[Crash-utility] Re: [[PATCH v2]] Clean up on top of one-thread-v2

[Date Prev][Date Next][Thread Prev][Thread Next][Date Index][Thread Index]

 



Hi folks, appologize for late responce due to other errands.

I performed testing of one-thread-v2 from Tao's github repo.
And  performed several cleanups steps there.
Please see my PR here: https://github.com/liutgnu/crash-dev/pull/1

What is the latest repo/branch I can also run my tests against?
Is it: https://github.com/liutgnu/crash-dev/tree/tao-rebase-v3

Regards,
--Alexey

On 4/4/24 5:38 PM, Tao Liu wrote:
Hi Aditya,

On Thu, Apr 4, 2024 at 10:02 PM Aditya Gupta <adityag@xxxxxxxxxxxxx> wrote:

Hi Tao & Alexey,

On Mon, Apr 01, 2024 at 05:14:41PM +0800, Tao Liu wrote:
Hi Aditya & Alexey,

On Mon, Apr 1, 2024 at 4:39 PM Aditya Gupta <adityag@xxxxxxxxxxxxx> wrote:

Hi Tao & Alexey,

Please have a test or review, any comments would be nice.
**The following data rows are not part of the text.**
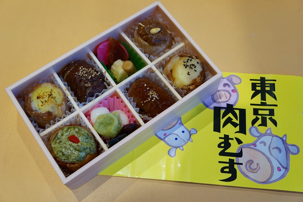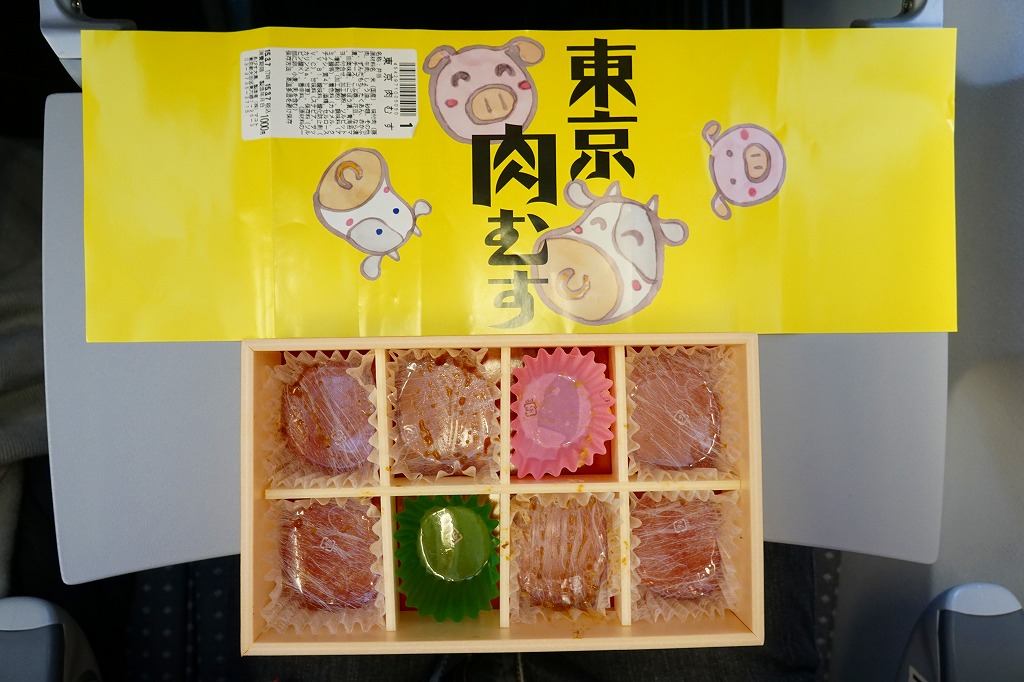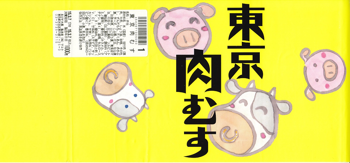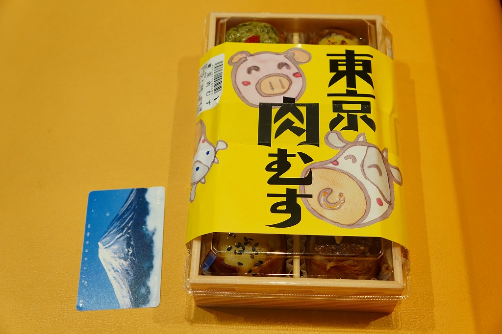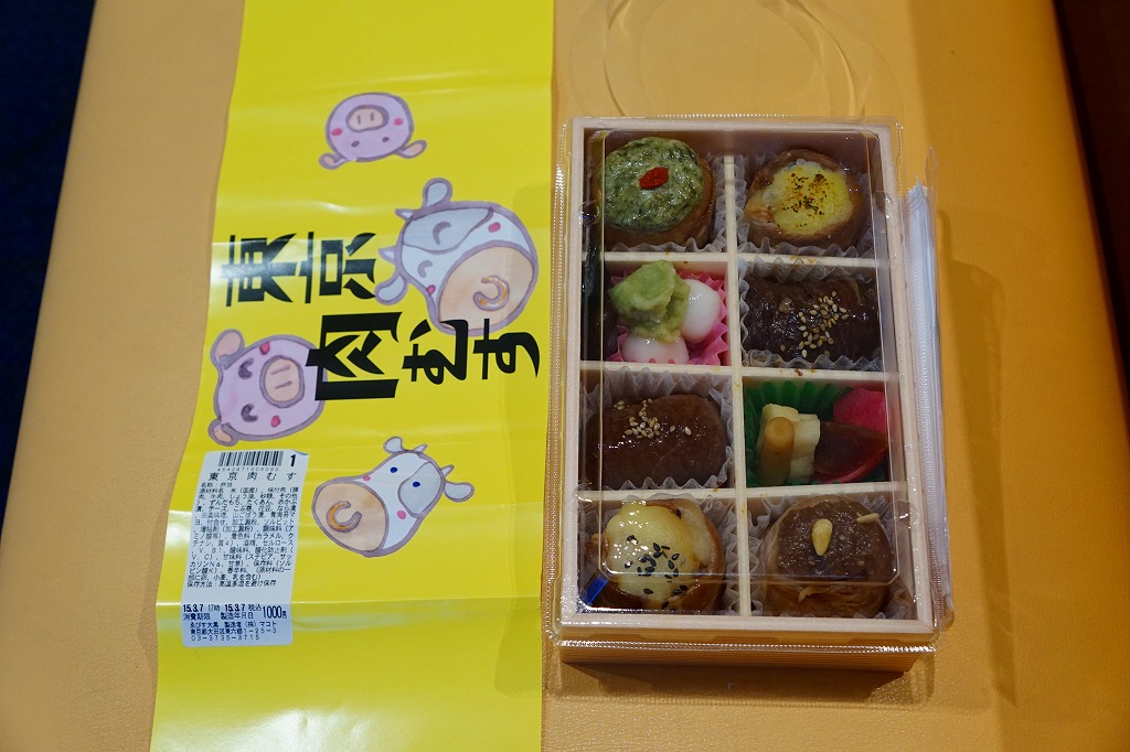 高菜飯を海苔で巻いてエビ天をはめたミニおにぎり「天むす」を5個、きゃらぶきを添えて、竹皮に包み、専用の紙袋に収める。天むすは名古屋の名物であり、しかしこの商品は全国各地の商業施設で買え、この羽田空港でも白米の通常版「天むす」、黒米混じりの御飯を使う「黒米天むす」とこれが販売されていた。お手軽でお手頃な軽食。 【東京国際空港】1931(昭和6)年8月25日開港 東京都大田区羽田空港 http://www.tokyo-airport-bldg.co.jp/ 【株式会社地雷也】東京都江東区白河2丁目8番1号 03(5639)1064 http://www.jiraiya.net/ 東京肉むす(1,000円) 2015年3月7日に羽田空港第1旅客ターミナル搭乗待合室売店で購入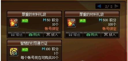 100个厚重的材料幸运礼盒500积分,10个50积分。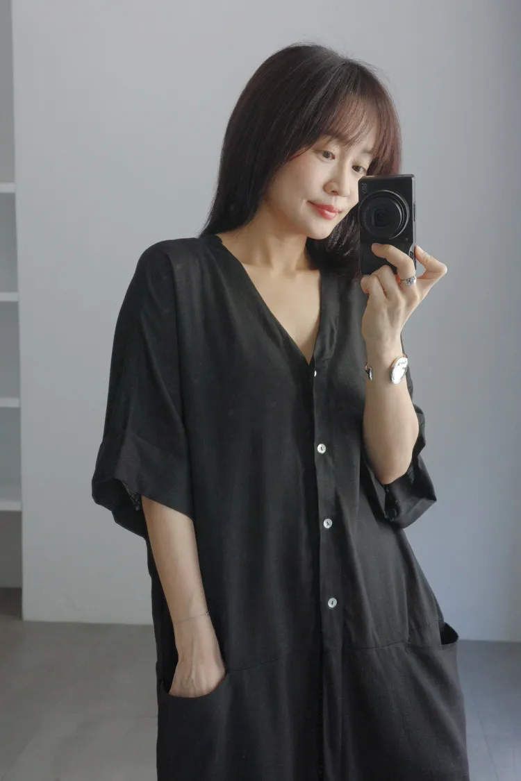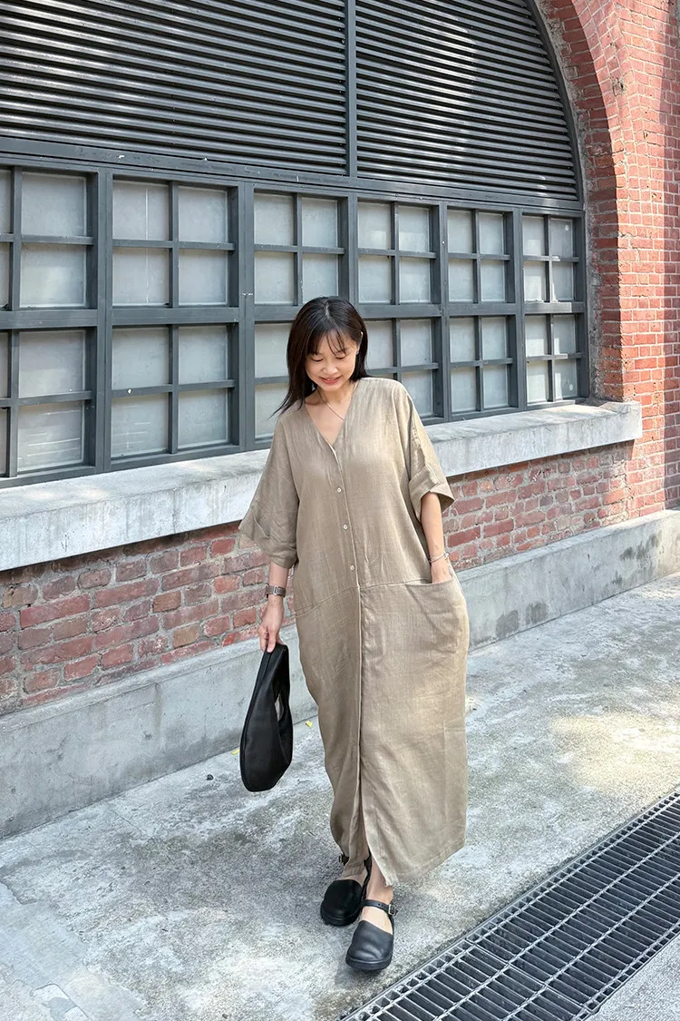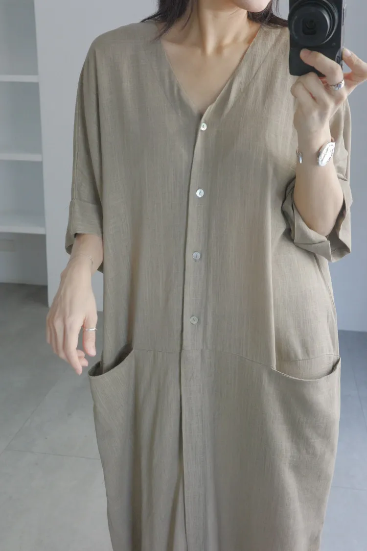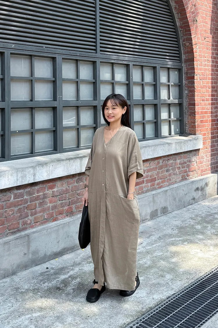 [特點] 手感柔軟滑順,有亞麻的挺度與透氣感,V領設計修飾臉型,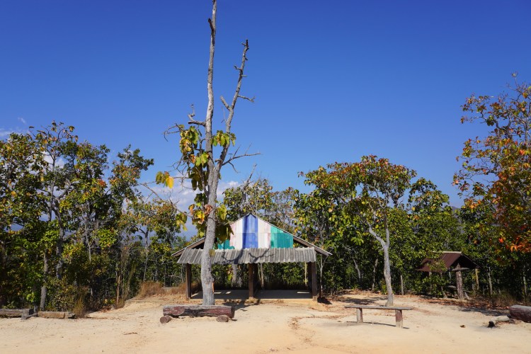 Wir machten uns pünktlich auf zum Busbahnhof – um den Bus zum «Erawan-Nationalpark» zu nehmen. Aber Pustekuchen. Aufgrund der wenigen Touristen fährt nur noch zwei Mal täglich ein Bus. Einer um 06.00 Uhr morgens und der andere um 17.00 Uhr. Ja super. Also hatten wir zwei Möglichkeiten. Entweder nehmen wir den Bus am kommenden Morgen oder wir gönnen uns ein «Pickup-Taxi». Und wer uns kennt weiss, 06.00 Uhr ist halt schon «cheibe» früh. Also schwangen wir unsere «Födlis» auf die Ladefläche vom Pickup – und los ging es.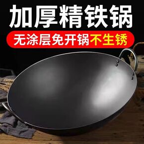 铁锅老式炒锅燃气灶适用商用厨师炒菜锅超轻薄无涂层不...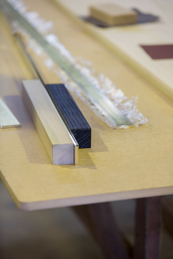 Stripped explores the inherent textural and tactile characteristics of Tulipwood and Red Oak. Employing a wire brushing technique to expose the grain of the Red Oak, the lumber is then charred and blackened through a process of controlled torching. Offering a brilliant contrast the smoothness of the Tulipwood is accentuated with white dust giving the timber a milkiness to touch.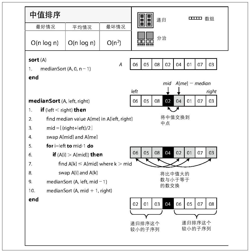 在计算机科学中,分治是一种非常常见的方法,它将一个问题分成两个独立的子问题,每个子问题的规模是原始问题规模的一半。下面让我们来看看中值排序(图4-8),在对一个包含有n≥1个元素的数组A排序时,它交换中值元素A[me]和A的中位元素(第2~4行),将数组分成左右各一半。中值排序然后将左边大于A[mid]的元素和右边小于等于A[mid]的元素互换(第5~8行)。这样将原始数组细分成两个不同的子数组,每一个子数组的大小是原始大小的一半,这两个子数组也同样需要排序。中值排序就这样递归地应用在每一个子数组上(第9~10行)。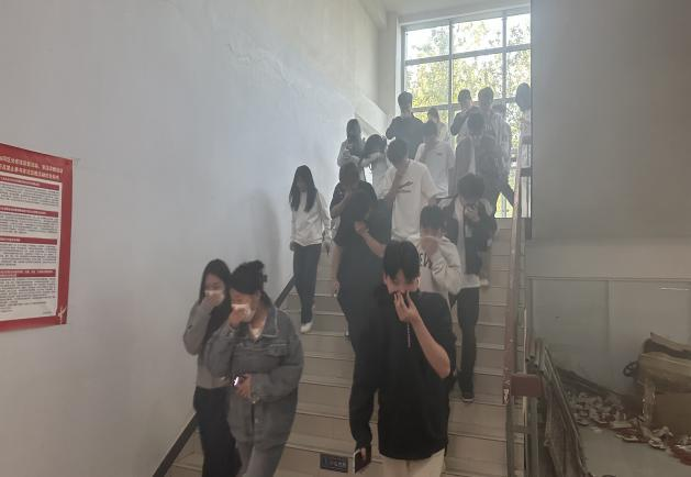 演練開始,警報聲驟然響起,煙霧四起,同學們迅速起身跑向安全出口。他們用手捂住口鼻,彎腰低姿前行,按照預定的疏散路線,緊張有序地撤離到安全區(qū)域。現(xiàn)場志愿者在各個關(guān)鍵位置沉著指揮,確保每位同學都能安全到達室外空曠地點。整個疏散過程有條不紊,充分展現(xiàn)了同學們良好的應急反應能力。

[1]: https://github.com/liutgnu/crash-dev/tree/tao-rebase-v2
[2]: https://github.com/adi-g15-ibm/crash/tree/stack-unwind-one-thread-merged

Works nicely for me. nitpick in commit 'Let crash change gdb context':


Thanks for the comment, I get it updated. Please see v3 at:

https://github.com/liutgnu/crash-dev/tree/tao-rebase-v3

Works for me. Should we post the base patch series ?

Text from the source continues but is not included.